Je vois naître des sourires narquois à l’énoncé de ce
billet. Non seulement cela exprime une légèreté du sujet qui découragerait bien
d’esprits sérieux, mais en plus, le contenu ne serait-il pas un essai de
syncrétisme culinaire de mauvais goût ?
Je vois déjà le tchadien avancer, armé de sa méfiance
légendaire. D’où nous sort-il cela ? Il y aurait le couscous tchadien,
nous l’aurions su depuis longtemps. Où veut-il nous mener, celui-là.
Que l’on se rassure.

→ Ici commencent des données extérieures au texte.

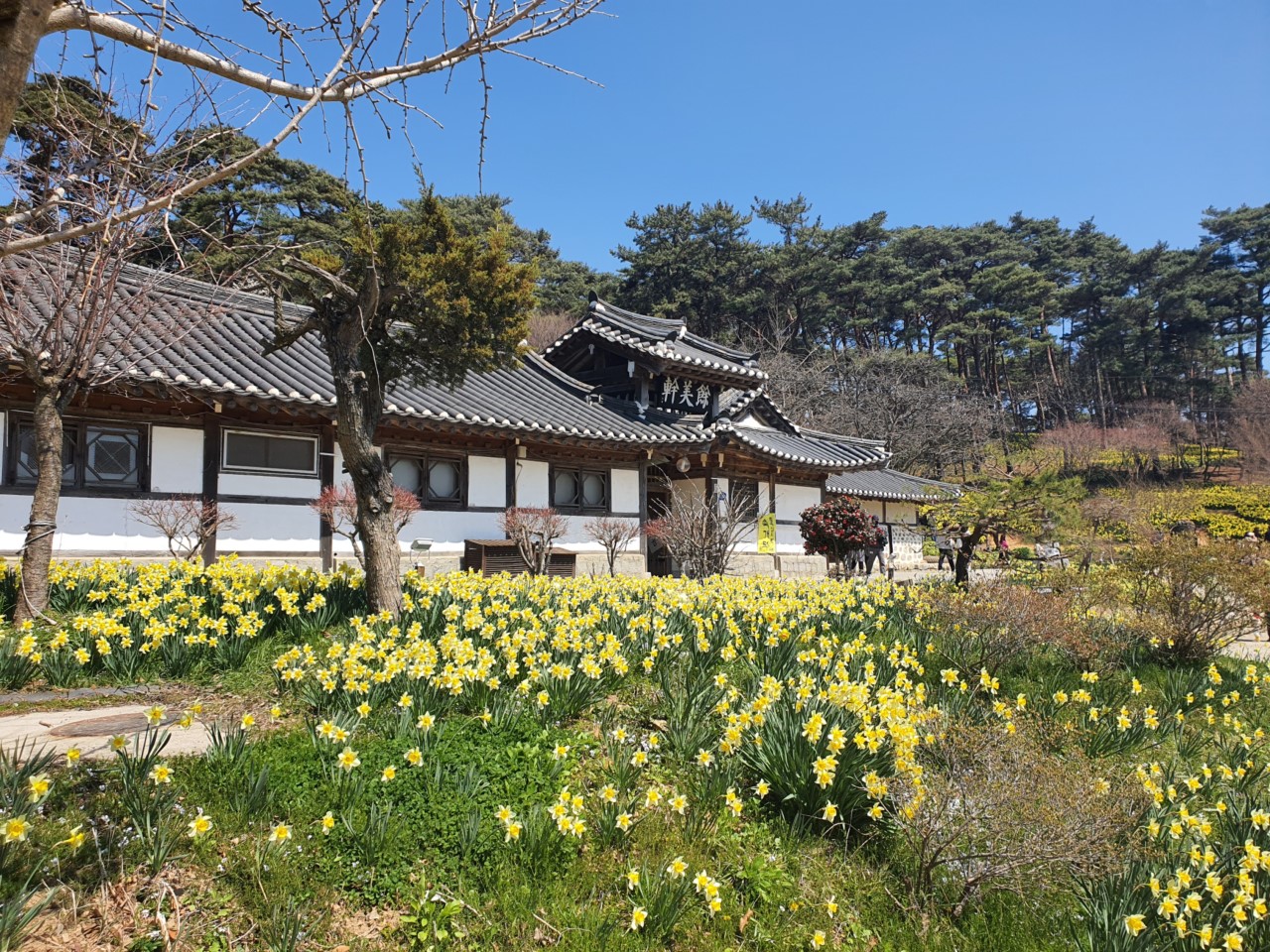 - 고즈넉한 한옥과 언덕 수선화 군락
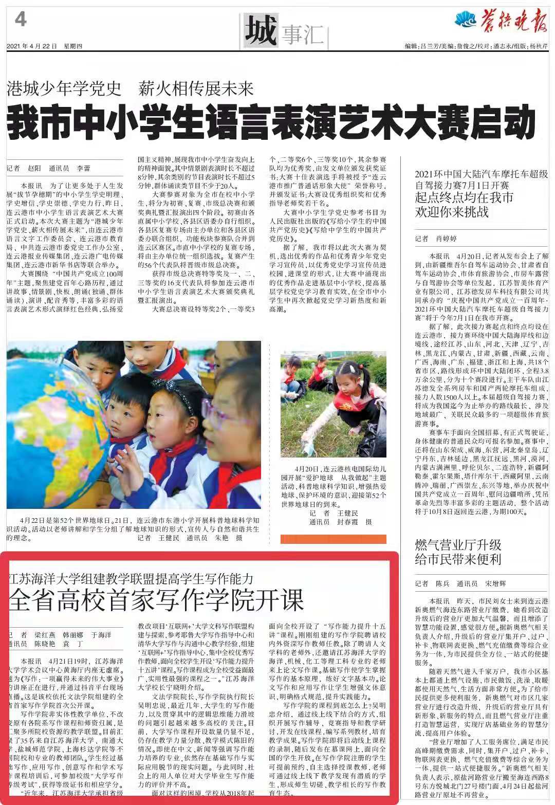 “近年来,江苏海洋大学承担省级教改项目‘互联网+’大学文科写作联盟构建与探索,参考耶鲁大学写作指导中心和清华大学写作与沟通中心教学经验,组建‘互联网+’写作指导中心,集中全校优秀写作教师,面向全校学生开设‘写作能力提升十五讲’课程。写作课程成为全校受益面最广、实用性最强的课程之一。”江苏海洋大学校长宁晓明介绍。

Si le tchadien est ainsi méfiant, ce
n’est pas parce qu’il n’est pas un fin gourmet, au contraire. Il est habitué
aux meilleurs plats du monde. Il les connaît tellement qu’il lui manque de l’inventivité,
ce petit quelque chose qui permet de faire des ingrédients communs, un plat
hors du commun. Ainsi, il connaît toutes les recettes du couscous algérien ou
marocain, aussi, parler de couscous tchadien sonne-t-il à ses oreilles comme
une hérésie culinaire.
Pourtant ce couscous tchadien est présent dans toutes les
cuisines au Tchad, à la sortie de tous les moulins, au pied de tous les
mortiers. La matière brute est là, il ne reste qu’à la transformer.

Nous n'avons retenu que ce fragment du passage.